Jeanne d’Arc ajouta un autre jour : « … et elles me disent encore : prends tout en gré, ne te soucie de ton martyre, tu en viendras enfin au royaume de Paradis. - Et depuis qu’elles ont dit cela vous vous tenez sûre d’être sauvée et de ne point aller en enfer ? - Oui, je crois aussi fermement ce qu’elles m’ont dit que si j’étais sauvée déjà. - Cette réponse est de bien grand poids. - Oui, c’est pour moi un grand trésor. - Ainsi vous croyez que vous ne pouvez plus faire de péché mortel ? - Je n’en sais rien, je m’en rapporte de tout à Notre-Seigneur. »
Analysant toutes les réponses de Jeanne d’Arc à leurs questions, les juges savaient en leur conscience qu’ils ne pouvaient pas la faire passer pour sorcière et suppôt du diable, mais ils avaient trouvé un motif d’accusation admissible à cette époque-là. Jeanne d’Arc pouvait être accusée de suivre une voie mystique qui égalait ou même surpassait, pour elle, les enseignements et l’autorité de l’Église. Son inspiration et ses révélations venaient de sa soumission à son Dieu intérieur, sans prendre l’avis de l’autorité ecclésiastique.
Controverse sur l’autorité de Dieu et l’autorité de l’Église
Après ces interrogatoires, on lui demanda si elle voulait s’en remettre à la détermination de l’Église. Elle répondit : « J’aime l’Église et je la voudrais soutenir de tout mon pouvoir. Quant aux bonnes œuvres que j’ai faites, je dois m’en rapporter au Roi du ciel qui m’a envoyée. »

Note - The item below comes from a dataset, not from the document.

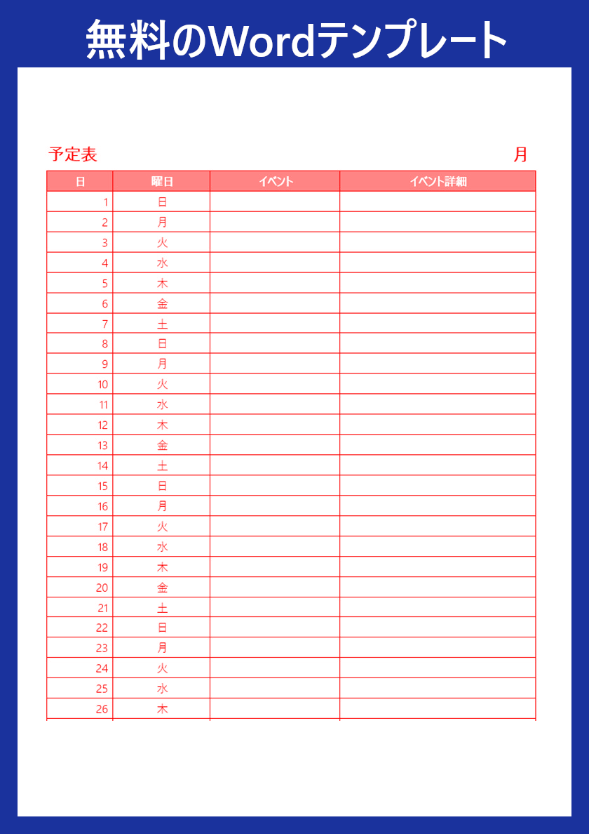 日々の予定をしっかり整理するためにも、予定表は見やすく整った形式で作成することが大切です。Wordのテンプレートを無料でダウンロードし、快適なスケジュール管理に役立ててみてください。

La question fut répétée et, sans se contredire, elle ajouta : « C’est tout un, de Notre-Seigneur et de l’Église. »
Un véritable enjeu était posé, qui pouvait aider à comprendre et à pardonner. Mais ce n’était pas le but de ce procès perverti, car ce qu’il était demandé à ces juges et gens d’Église, c’était détruire la réputation et le rayonnement de Jeanne d’Arc, et la condamner à mort.

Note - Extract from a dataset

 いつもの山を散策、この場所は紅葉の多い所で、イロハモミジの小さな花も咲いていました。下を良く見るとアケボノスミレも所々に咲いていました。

Pour ces gens d’Église, qui étaient juges au bénéfice des Anglais et contre Jeanne d’Arc, soulagés d’apercevoir enfin une possible issue à ce procès, il fallait distinguer entre l’Église « triomphante », Dieu, les saints, les âmes sauvées, et l’Église « militante », le pape, les cardinaux, le clergé, les bons chrétiens, qui ne peut se disperser. « Ne voulez-vous donc pas vous soumettre à l’Église militante ? - Je suis venue au roi de France de par Dieu, de par la Vierge Marie, les saints et l’Église victorieuse de là-haut, à cette Église, je me soumets, moi, mes œuvres, ce que j’ai fait ou à faire. - Et à l’Église militante ? - Je ne répondrai maintenant rien autre chose. »

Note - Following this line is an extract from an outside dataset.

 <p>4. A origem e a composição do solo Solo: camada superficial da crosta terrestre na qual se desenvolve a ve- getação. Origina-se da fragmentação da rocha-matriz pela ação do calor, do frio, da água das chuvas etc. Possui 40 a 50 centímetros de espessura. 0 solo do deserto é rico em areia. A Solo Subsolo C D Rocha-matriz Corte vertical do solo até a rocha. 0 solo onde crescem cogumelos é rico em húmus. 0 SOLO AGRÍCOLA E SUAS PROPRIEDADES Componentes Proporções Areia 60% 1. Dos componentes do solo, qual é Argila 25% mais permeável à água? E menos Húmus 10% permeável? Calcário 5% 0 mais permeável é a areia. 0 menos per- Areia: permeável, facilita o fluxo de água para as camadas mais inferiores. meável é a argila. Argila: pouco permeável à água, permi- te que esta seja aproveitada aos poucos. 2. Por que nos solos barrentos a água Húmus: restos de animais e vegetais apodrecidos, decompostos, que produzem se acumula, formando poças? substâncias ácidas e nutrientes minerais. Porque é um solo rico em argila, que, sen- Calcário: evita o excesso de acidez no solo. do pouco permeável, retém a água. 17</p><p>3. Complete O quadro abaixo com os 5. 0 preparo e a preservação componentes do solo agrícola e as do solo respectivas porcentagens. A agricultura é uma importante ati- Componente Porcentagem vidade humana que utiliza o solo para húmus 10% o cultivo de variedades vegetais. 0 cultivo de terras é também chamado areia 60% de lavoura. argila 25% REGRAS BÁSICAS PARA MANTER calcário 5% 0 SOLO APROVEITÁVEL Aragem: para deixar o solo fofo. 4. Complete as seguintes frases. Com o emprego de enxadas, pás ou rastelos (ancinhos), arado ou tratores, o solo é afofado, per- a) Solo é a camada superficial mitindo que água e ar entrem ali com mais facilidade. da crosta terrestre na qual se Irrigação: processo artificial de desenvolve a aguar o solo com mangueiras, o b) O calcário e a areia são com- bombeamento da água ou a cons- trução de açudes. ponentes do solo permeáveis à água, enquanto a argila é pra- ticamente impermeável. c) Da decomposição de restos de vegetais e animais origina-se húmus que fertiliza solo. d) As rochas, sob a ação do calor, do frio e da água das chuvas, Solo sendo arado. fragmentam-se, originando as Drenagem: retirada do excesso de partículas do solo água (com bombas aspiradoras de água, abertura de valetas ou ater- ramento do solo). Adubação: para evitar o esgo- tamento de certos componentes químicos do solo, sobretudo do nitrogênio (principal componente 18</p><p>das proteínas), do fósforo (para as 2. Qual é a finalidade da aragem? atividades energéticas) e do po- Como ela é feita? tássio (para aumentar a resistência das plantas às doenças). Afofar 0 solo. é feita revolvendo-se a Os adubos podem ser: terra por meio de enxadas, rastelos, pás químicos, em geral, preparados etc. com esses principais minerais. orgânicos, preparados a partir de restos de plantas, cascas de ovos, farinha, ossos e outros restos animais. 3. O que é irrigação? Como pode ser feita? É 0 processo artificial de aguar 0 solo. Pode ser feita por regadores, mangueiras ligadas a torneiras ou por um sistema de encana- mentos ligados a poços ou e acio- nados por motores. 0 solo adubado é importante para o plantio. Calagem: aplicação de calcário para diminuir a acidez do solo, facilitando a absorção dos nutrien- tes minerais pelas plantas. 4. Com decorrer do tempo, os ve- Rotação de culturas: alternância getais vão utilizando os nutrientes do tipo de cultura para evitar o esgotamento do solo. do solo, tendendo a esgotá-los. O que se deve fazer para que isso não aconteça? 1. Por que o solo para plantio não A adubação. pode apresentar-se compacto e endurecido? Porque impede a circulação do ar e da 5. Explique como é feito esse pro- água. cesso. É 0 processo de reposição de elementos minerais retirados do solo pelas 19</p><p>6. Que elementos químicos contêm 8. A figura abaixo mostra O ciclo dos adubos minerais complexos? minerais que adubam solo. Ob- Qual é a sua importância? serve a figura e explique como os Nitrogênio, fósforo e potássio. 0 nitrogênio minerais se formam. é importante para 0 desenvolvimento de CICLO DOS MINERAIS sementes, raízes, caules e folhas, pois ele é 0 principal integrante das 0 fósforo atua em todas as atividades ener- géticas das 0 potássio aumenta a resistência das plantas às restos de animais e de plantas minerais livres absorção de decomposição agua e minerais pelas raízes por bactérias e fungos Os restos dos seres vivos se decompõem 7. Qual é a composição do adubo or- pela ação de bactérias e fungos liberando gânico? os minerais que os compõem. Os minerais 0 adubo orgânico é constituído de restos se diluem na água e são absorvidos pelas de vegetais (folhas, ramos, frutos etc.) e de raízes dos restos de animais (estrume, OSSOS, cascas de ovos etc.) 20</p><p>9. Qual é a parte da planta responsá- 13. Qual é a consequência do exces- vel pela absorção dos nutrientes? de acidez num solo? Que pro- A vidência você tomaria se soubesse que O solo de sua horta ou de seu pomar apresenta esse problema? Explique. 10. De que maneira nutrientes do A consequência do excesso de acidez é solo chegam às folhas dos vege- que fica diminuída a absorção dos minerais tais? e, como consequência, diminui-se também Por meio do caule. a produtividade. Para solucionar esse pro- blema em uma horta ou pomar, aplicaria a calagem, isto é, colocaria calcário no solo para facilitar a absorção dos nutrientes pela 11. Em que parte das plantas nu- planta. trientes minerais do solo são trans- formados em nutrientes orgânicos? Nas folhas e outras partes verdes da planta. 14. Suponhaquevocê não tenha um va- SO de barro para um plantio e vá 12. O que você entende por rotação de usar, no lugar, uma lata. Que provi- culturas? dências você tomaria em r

Jeanne portait l’Église triomphante, ces saintes et ces anges, dans son cœur. Même si elle voulait soutenir l’Église militante dont le rôle, pour elle, était clair dans ce monde, elle voyait, dans le milieu où elle se trouvait à ce moment-là, toute la perversion et la corruption d’hommes qui se réclamaient de cette Église. Cette Église terrible et implacable, quand elle était dans la personne de l’évêque Cauchon, n’avait-elle même plus à rendre compte de ce procès à une juridiction supérieure ?
C’est alors qu’un légiste de Rouen et deux moines ne purent, en leur conscience, laisser ignorer à l’accusée qu’elle pouvait faire appel auprès de la juridiction du pape. Dans un sincère esprit de justice, ils allèrent à la prison et se firent ouvrir les portes pour conseiller Jeanne. Elle fit alors appel au pape et au concile. Cauchon était furieux, et les trois hommes pris en « flagrant délit » d’honnêteté furent en danger de mort. Ils disparurent et avec eux disparut la dernière manifestation du droit dans le procès de Jeanne d’Arc.
Un deuxième motif d’accusation
Aux juges, rien ne semblait plus grave concernant Jeanne d’Arc, ou du moins le laissaient-ils croire, que d’avoir pris un habit d’homme et de ne plus vouloir le quitter. Ils lui rappelèrent que, selon les canons, ceux qui changent l’habit convenant à leur sexe sont abominables devant Dieu. Elle leur avoua qu’elle ne savait pas quand elle pourrait le quitter. « - Mais si l’on vous prive d’entendre la messe ? - Eh bien, Notre-Seigneur peut bien me la faire entendre sans vous. - Voudrez-vous prendre l’habit de femme, pour recevoir votre Sauveur à Pâques ? - Non, je ne puis quitter cet habit, pour recevoir mon Sauveur, je ne fais nulle différence de cet habit ou d’un autre. »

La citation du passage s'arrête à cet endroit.